Before we go forward to discuss stainless steel grades, let me quickly remind you that cutlery-grade stainless steels tend to have more chromium content. Remember, the use of chromium in the manufacturing of these knives helps to make them corrosion resistant.
So, the impressive thing about cutlery-grade steel knives is that it contains over 13% chromium, which tends to be a big plus. The idea is this oxide helps create a form of passive film over the knife blade that protects it against staining and corrosion.
But make no mistake; a couple of knives out there come manufactured with martensitic stainless steel, which is low-grade steel.
Alright, without wasting time, here are the different grades of stainless steel materials.
The 420 and 420J stainless steel grade –
Here’s the first on this list. It’s not high-end steel anyway. The 420 and 420J are low-quality stainless steel, considered to be at the bottom end of the spectrum. A Knife produced of this steel isn’t super wear-resistant but stain-resistant. In the strength and toughness department, knives made of such stainless steel do perform well, at least to an extent. But it could lose its sharp edge faster than other grades of stainless steel out there.
The 440A, 425M, 420HC, and 6A –
These are similar grades of stainless steel. They have high carbon content too. This 440A grade is more of an upgrade on the 420 and 420J. And in the strength and wear resistance department, it tends to be a much better option. Edge retention is also an added advantage for the 440-grade stainless steel. Plus, it is corrosion-resistant, and you won’t break a sweat while trying to re-sharpen it.
The 440 C, Gin-1, 8A, and ATS-55 –
The third on this list is the 440C and others in the same category, which I mentioned above. This 440C is like an upgrade on the 440A. It contains high carbon and chromium content than the 440A. However, one of the drawbacks is that it is a bit less corrosion resistant than the 440A but much harder. Also, it is much stain-resistant and holds up its sharp edge much longer.
The 154CM (ATS-34) Stainless Steel –
Permit me to start by saying the 400 grades (440A, 425M, 420HC, and 440C) are much better than this 154CM when it comes to stain-resistance. Other than that, the 154CM stainless steel grade knives are sturdier and hold their edges much better.
VG-10 Stainless Steel Knife –
When it comes to toughness and stain-resistance, the VG-10 stands out from the crowd. It also holds its edge much longer than the other lower grades mentioned on this list. The VG-10 contains a high amount of vanadium.
S30V Stainless Steel Knife –
Here comes a stainless steel grade that’s not very friendly when it comes to re-sharpening, thanks to its hardness. It contains 14% chromium. Other constituents include vanadium and molybdenum, which helps to enhance its ability to hold its sharp edge, resist corrosion, and makes it incredibly tough.
Other Grades of Stainless Steel Used In Knife Making
- S60V and S90V – CPM T440V and CPM T420V, respectively.12C27 stainless steel.
- AUS-6, AUS-8, and AUS-10. These are also called 6A, 8A, and 10A.
- ATS-34 stainless steel.
- BG-42 stainless steel.
- Damascus steel
This list is according to the steel grades, from the lowest (420 and 420J) to the highest (Damascus steel). So, please take note!
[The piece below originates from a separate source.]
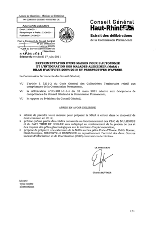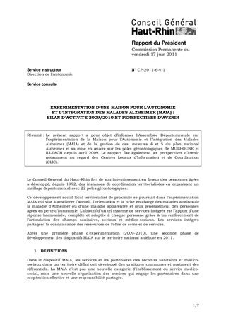 Le présent rapport a pour objet d’informer l’Assemblée Départementale sur l’expérimentation de la Maison pour l’Autonomie et l’Intégration des Malades Alzheimer (MAIA) et de la gestion de cas, mesures 4 et 5 du plan national Alzheimer et sa mise en œuvre sur les pôles gérontologiques de MULHOUSE et ILLZACH depuis avril 2009. Le rapport fixe également les perspectives d’avenir notamment au regard des Centres Locaux d’Information et de Coordination (CLIC).

When we said quality or grade, we are merely referring to the toughness and hardness, including edge retention of the said stainless steel.
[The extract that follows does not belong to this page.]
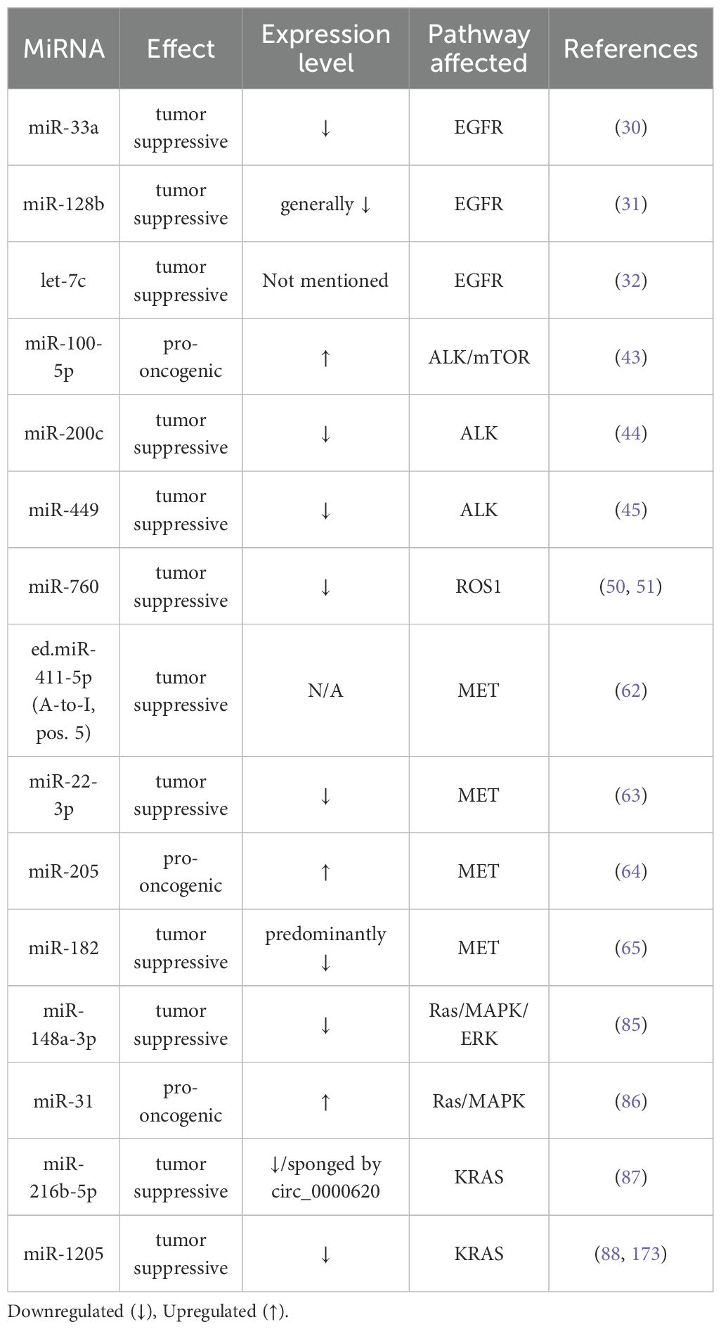 Several mutated/genetically altered genes drive lung cancer to a more aggressive phenotype. For instance, EGFR L858R point mutation in exon 21 and the LREA in-frame deletion on exon 19 are two EGFR activating mutations, which are druggable via EGFR TKIs. ALK rearrangements lead to constitutive ALK kinase activity, with lung tumors exhibiting increased aggressive behavior. This includes nodal metastasis and advanced stages at diagnosis; these ALK rearrangements are also druggable via targeted therapeutics such as crizotinib. Furthermore, lung cancer tumors harboring KRAS mutations carry usually a poor prognosis; KRAS activation induces interactions with several key pathways, such as the RAF/MEK/ERK pathway and the PI3K/AKT pathway. Targeted therapeutics are also available for patients harboring KRAS mutation - sotorasib, or adagrasib for KRAS G12C mutation. Other well-known genetic alterations that may be encountered in lung cancers include ROS1 rearrangements, RET translocations, alterations in the MET gene, NTRK fusions and BRAF mutations. Herein, we also provide a selection of miRNAs that target these essential driver genes/signaling pathways in lung cancer - for instance, miR-33a and miR-128b that target the EGFR pathway, miR-200c and miR-449 that target the ALK signaling, miR-205 that interferes with MET, miR-148a-3p that is tumor suppressive on the RAS/MAPK/ERK signaling and miR-31 that has pro-oncogenic effect by modulating the RAS/MAPK pathway.

So, are stainless steel knives good, in your opinion? Anyway, at this point, you should have the information needed to provide a robust answer. For me, and like I said at the beginning, two things will determine whether the stainless steel knife you are getting is good or not. One is the intended use, and the other is the grade of the stainless steel. A high-Grade stainless steel knife should be able to retain its edge, provides some level of toughness and hardness.